> Task objective
A faithful copy of every entry, with the pictures removed, is what is needed here.

——

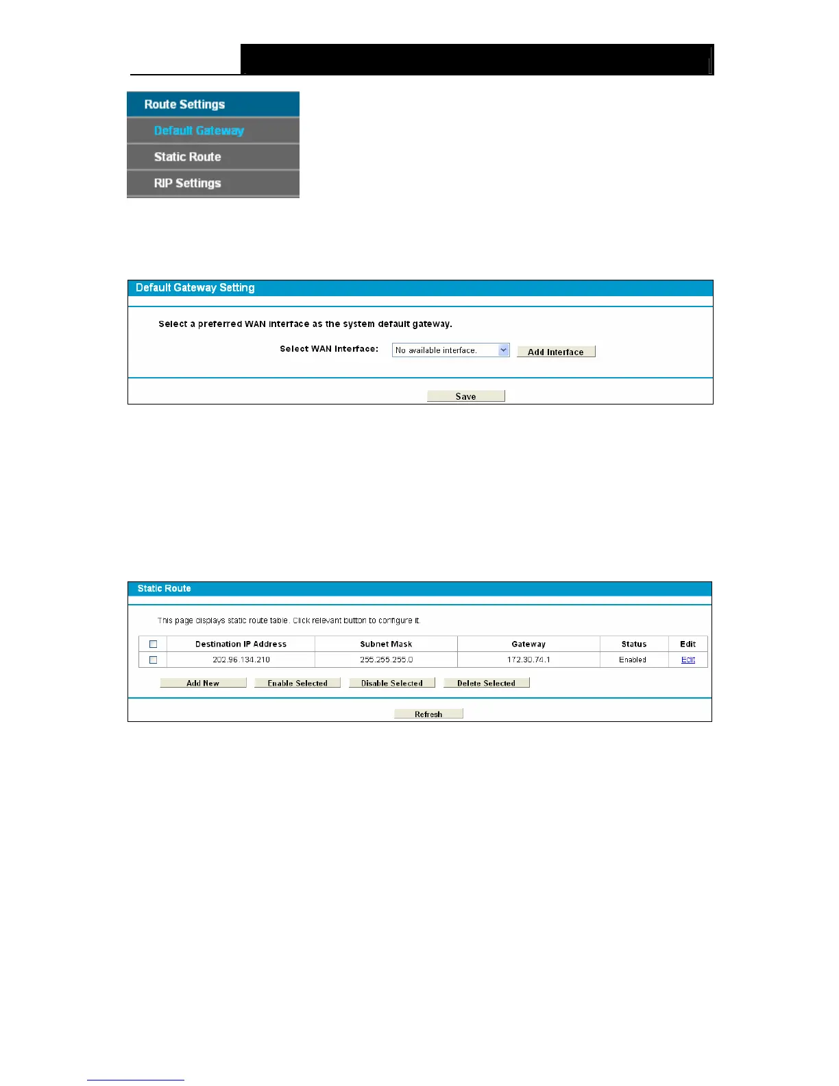 Choose “Route Settings”“Default Gateway”, you can see the Default Gateway screen. You
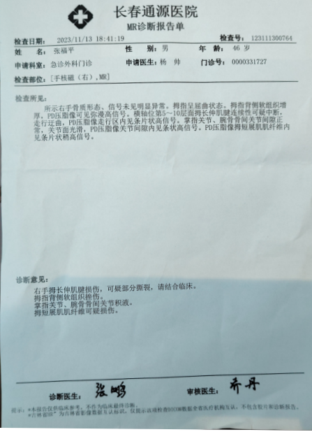 11月13日,张福平在长春通源医院做的MR诊断报告显示:张福平“右手拇长伸肌腱损伤,可疑部分断裂,请结合临床。拇指背侧软组织挫伤。掌指关节、腕骨骨间关节积液。拇短展肌肌纤维可疑损伤。”
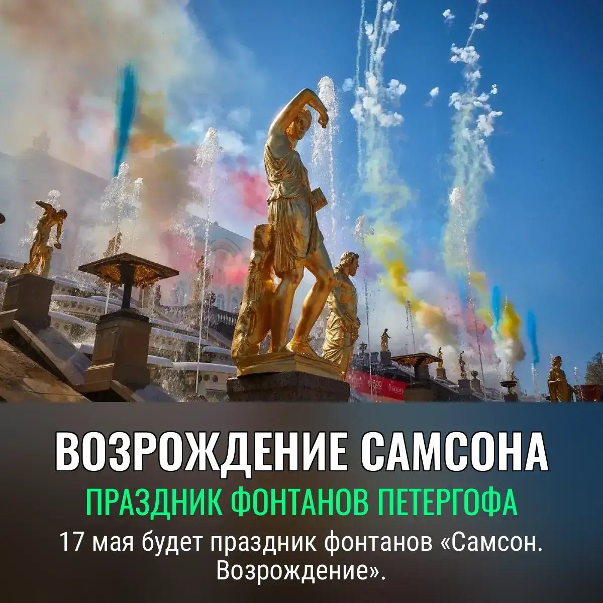 🌊 17 мая 2025 года Нижний парк Петергофа взорвется эмоциями на празднике фонтанов «Самсон
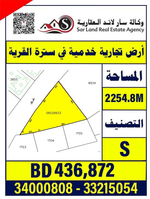 For sale: a commercial land in Sitra Village, 2254.8 square meters, divisible, at a price of 18 dinars per square foot, total price 436,872 dinars.
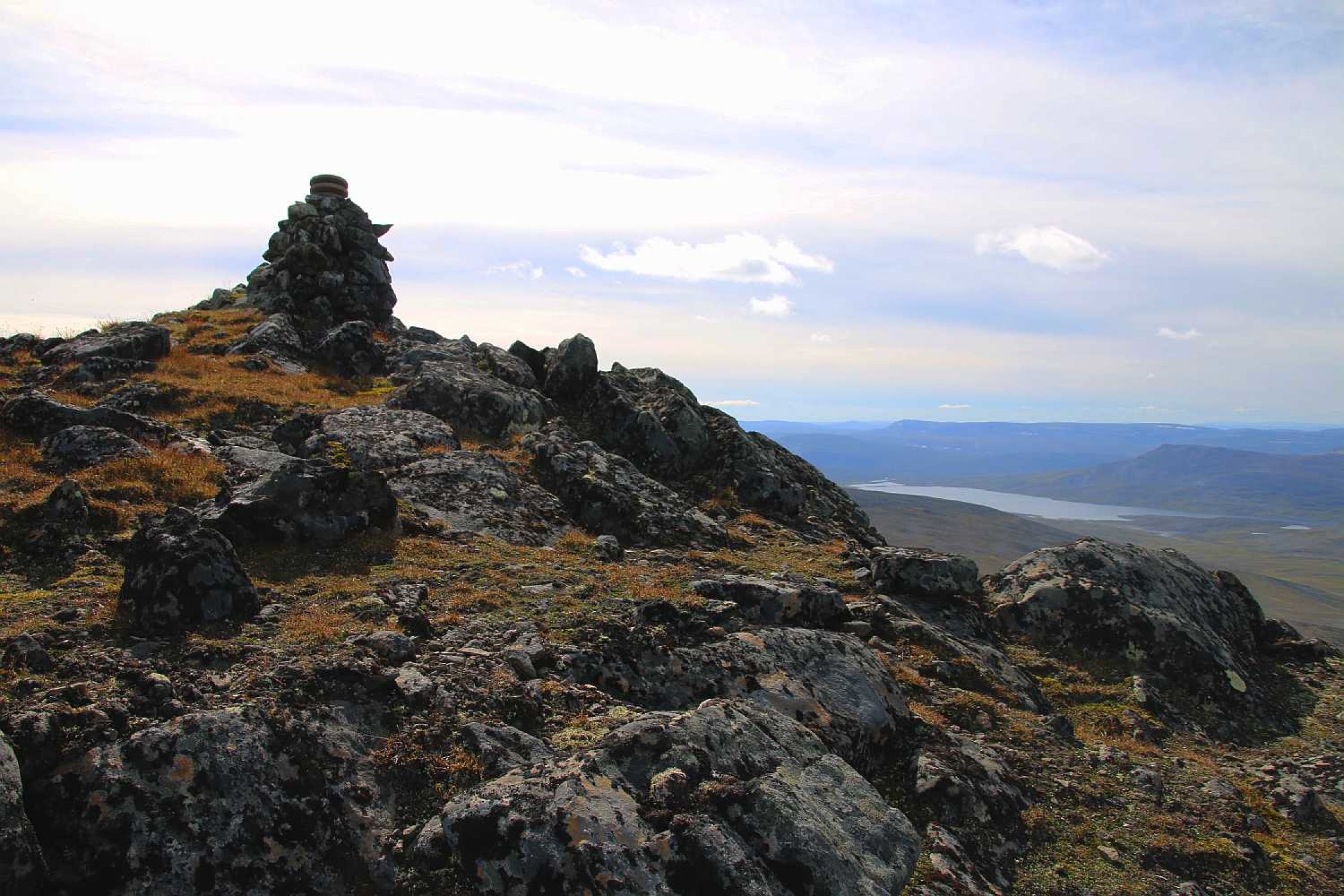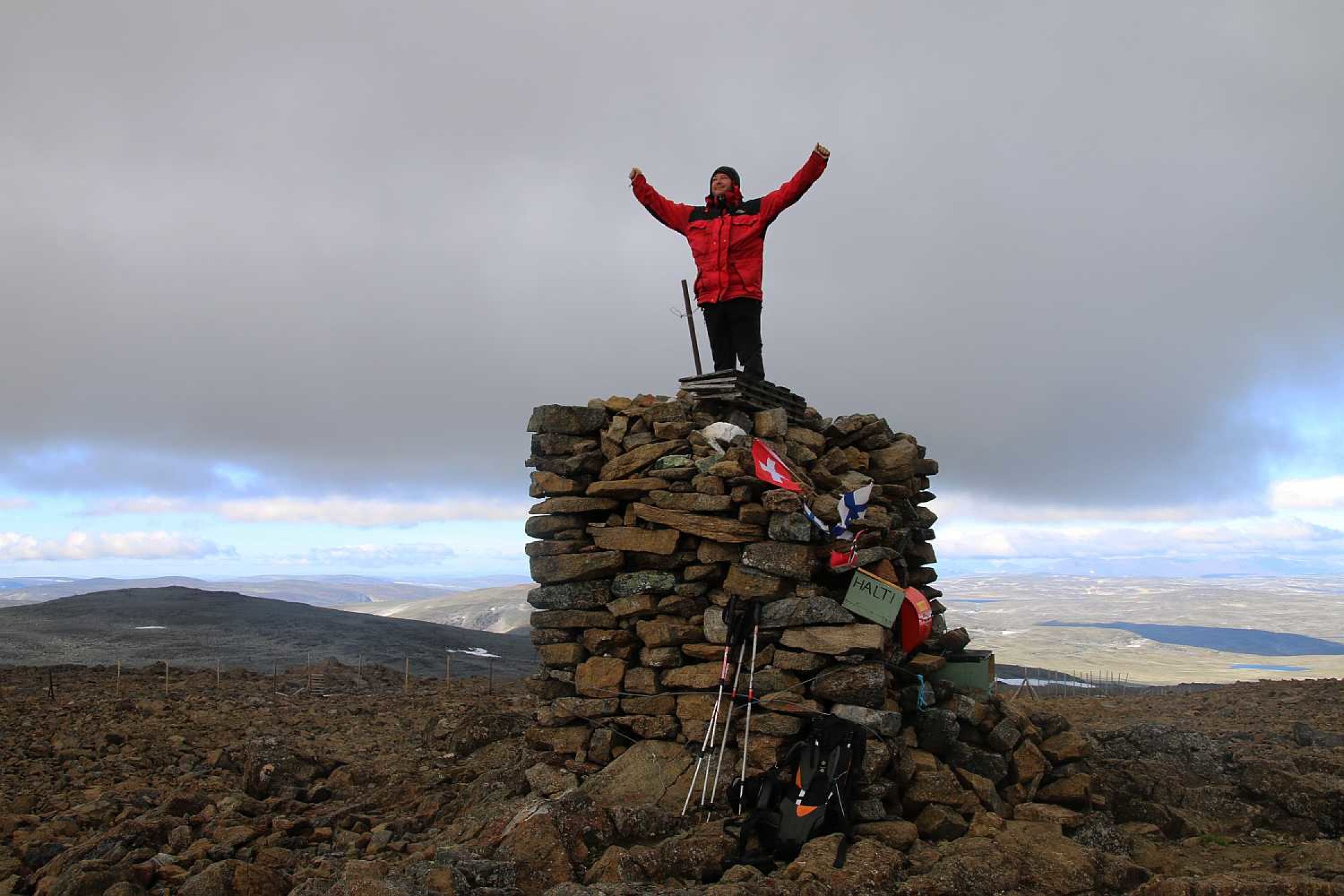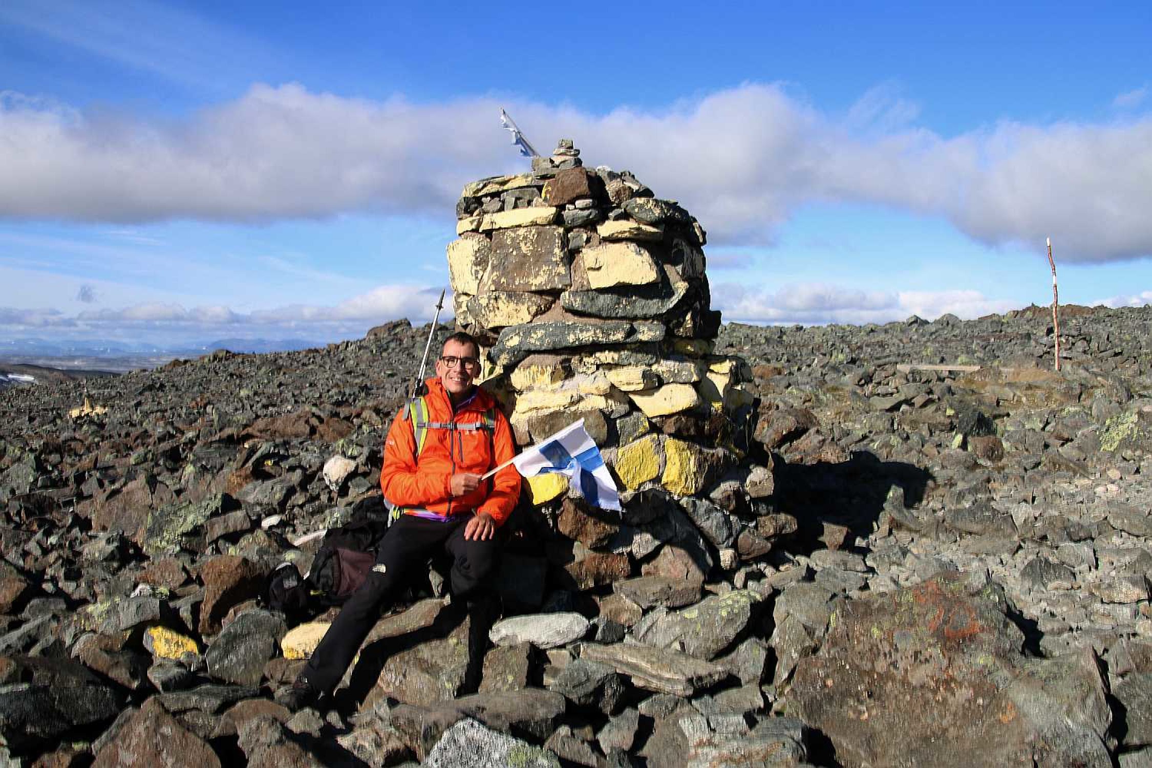 Vom Ráisduottarháldi war nun auch unser nächstes Ziel, der Haltitunturi, klar südwärts zu sehen. Zuerst überstiegen wird einen Weidezaun über eine Treppe und wanderten dann weglos, aber in gut begehbarem Gelände, in eine Senke mit einem kleinen Bergsee; dort füllten wir uns die Getränkeflaschen auf. Der Anstieg andernseits zum Haltitunturi war wieder mühsamer wegen der Grösse des Gerölls. Zum Gipfel hin wurde es immer flacher und wir waren zuerst nicht ganz sicher, welches der höchste Punkt ist. Etwa 200m davon entfernt sahen wir auch den Grenzstein Nummer 303B, das Hauptziel der Geröllwanderung und der Finnische Landeshöhepunkt. In der Nähe entdeckten wir auch den Vermessungspunkt P.1228m welcher oftmals auf Kartenwerken als Gipfelhöhe des Haltitunturis angegeben ist. Beim Grenzstein rasteten wir und trugen uns ins "ewige Gipfelbuch" als die Besucher mit den fortlaufenden Nummern 181517 und 181518 ein.
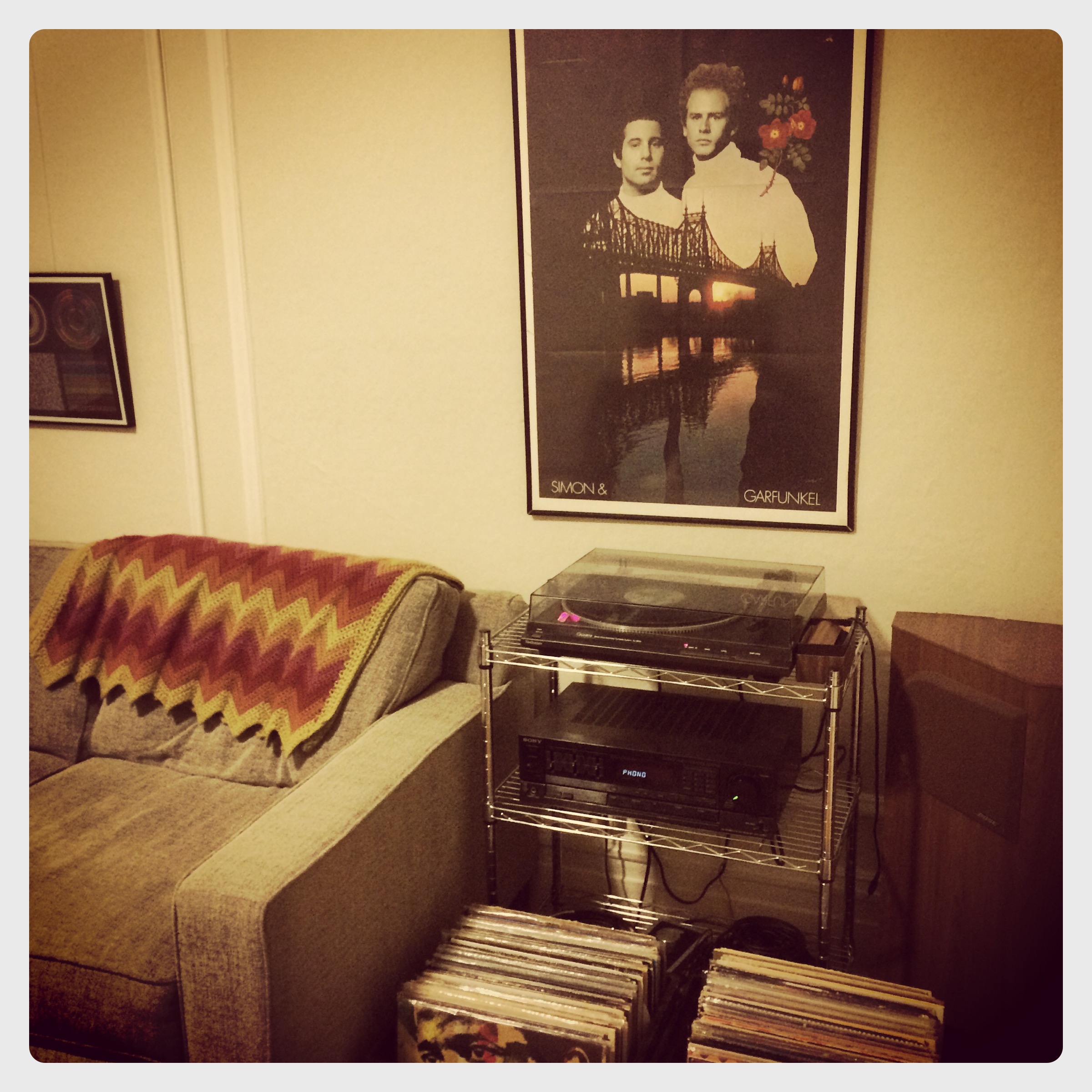 Just look at these gems! That Prince poster was unexpectedly discovered after buying Dirty Minds at Rasputin (oh my gosh, Prince records have the best inserts and posters). And the S&G poster was tucked into a copy of Bookends that I found at a little record store in Lausanne, Switzerland. It's one of my favorite purchases of all time (is there no imagery that better embodies Simon & Garfunkel than the 59th Street Bridge and a sprig of flowers??). So you see, another reason to celebrate the existence of the LP: free life-sized pictures of musical legends, just waiting to get unfolded and put onto a wall.
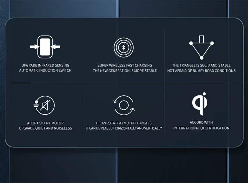360-degree rotating cradle provides flexible choice of watching your phone or GPS while driving. That means there will be no blocked vision and you can get a perfect viewing angle with the car wireless charger mount.
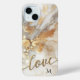 Phone case featuring an original painting in gold and ivory with (optional) your own monogram or other text. The love script text is on a separate file and can be deleted if you do not need it.
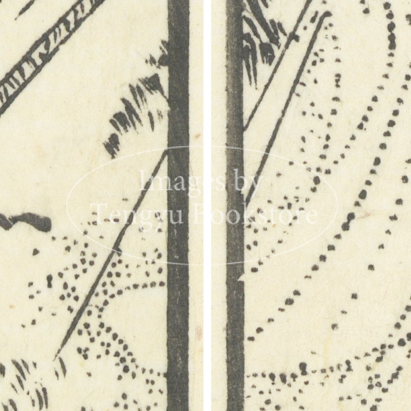 本来は2枚に分けて描かれた作品であるため、色味や図案の整合に若干の不統一があることをご了承ください。

——

> Answer section
 Choose “Route Settings”“Default Gateway”, you can see the Default Gateway screen. You
 11月13日,张福平在长春通源医院做的MR诊断报告显示:张福平“右手拇长伸肌腱损伤,可疑部分断裂,请结合临床。拇指背侧软组织挫伤。掌指关节、腕骨骨间关节积液。拇短展肌肌纤维可疑损伤。”
 🌊 17 мая 2025 года Нижний парк Петергофа взорвется эмоциями на празднике фонтанов «Самсон
 For sale: a commercial land in Sitra Village, 2254.8 square meters, divisible, at a price of 18 dinars per square foot, total price 436,872 dinars.
 Vom Ráisduottarháldi war nun auch unser nächstes Ziel, der Haltitunturi, klar südwärts zu sehen. Zuerst überstiegen wird einen Weidezaun über eine Treppe und wanderten dann weglos, aber in gut begehbarem Gelände, in eine Senke mit einem kleinen Bergsee; dort füllten wir uns die Getränkeflaschen auf. Der Anstieg andernseits zum Haltitunturi war wieder mühsamer wegen der Grösse des Gerölls. Zum Gipfel hin wurde es immer flacher und wir waren zuerst nicht ganz sicher, welches der höchste Punkt ist. Etwa 200m davon entfernt sahen wir auch den Grenzstein Nummer 303B, das Hauptziel der Geröllwanderung und der Finnische Landeshöhepunkt. In der Nähe entdeckten wir auch den Vermessungspunkt P.1228m welcher oftmals auf Kartenwerken als Gipfelhöhe des Haltitunturis angegeben ist. Beim Grenzstein rasteten wir und trugen uns ins "ewige Gipfelbuch" als die Besucher mit den fortlaufenden Nummern 181517 und 181518 ein.
 Just look at these gems! That Prince poster was unexpectedly discovered after buying Dirty Minds at Rasputin (oh my gosh, Prince records have the best inserts and posters). And the S&G poster was tucked into a copy of Bookends that I found at a little record store in Lausanne, Switzerland. It's one of my favorite purchases of all time (is there no imagery that better embodies Simon & Garfunkel than the 59th Street Bridge and a sprig of flowers??). So you see, another reason to celebrate the existence of the LP: free life-sized pictures of musical legends, just waiting to get unfolded and put onto a wall.
360-degree rotating cradle provides flexible choice of watching your phone or GPS while driving. That means there will be no blocked vision and you can get a perfect viewing angle with the car wireless charger mount.
 Phone case featuring an original painting in gold and ivory with (optional) your own monogram or other text. The love script text is on a separate file and can be deleted if you do not need it.
 本来は2枚に分けて描かれた作品であるため、色味や図案の整合に若干の不統一があることをご了承ください。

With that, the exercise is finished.